All FSI Projects

Age Differences in Emotional and Cognitive Decision-Making

Researchers

Ian Gotlib
Project Mentor
Professor of Psychology
Stanford
Elaine Robertson
Investigator
Graduate Student in Psychology
Stanford

Older adults tend to focus more on positive than on negative experiences and events. Given this tendency, it is important to elucidate the mechanisms underlying the basic processes of selective attention to, and selective avoidance of, emotionally-relevant information while making health-related decisions. This study examined the behavioral and neural responses of older adults during decision-making, and during the resolution of affective and cognitive conflicts. Behavioral and neuroimaging results provided initial evidence that older adults are unimpaired in selectively attending to emotional information.
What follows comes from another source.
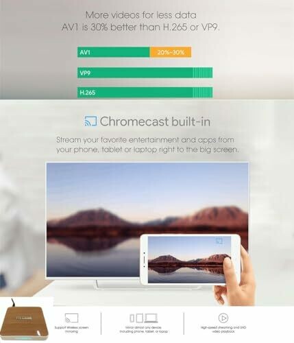 - Support AV1 encoded and 4K HDR content, enjoying the fantastic video viewing experience. More bright-coloured video for less data, save 20%-30%. Support mouse and keyboard via USB; Support 2.4 G wireless mouse and keyboard via 2.4 G USB dongle

These results have helped to elucidate basic decision-making processes in elderly adults, and delineated ways in which these processes are similar to and different from those used by younger adults. The study also adds to a growing literature examining the efficiency and effectiveness of the processing of emotional information in older adults, at both a psychological and a biological level of analysis. These findings have implications for understanding both how decisions about health-care options are made by elderly individuals, and the framework within which health-care information might be presented most effectively to younger and older individuals.

This study is a seed project for the Center on Advancing Decision Making for Aging.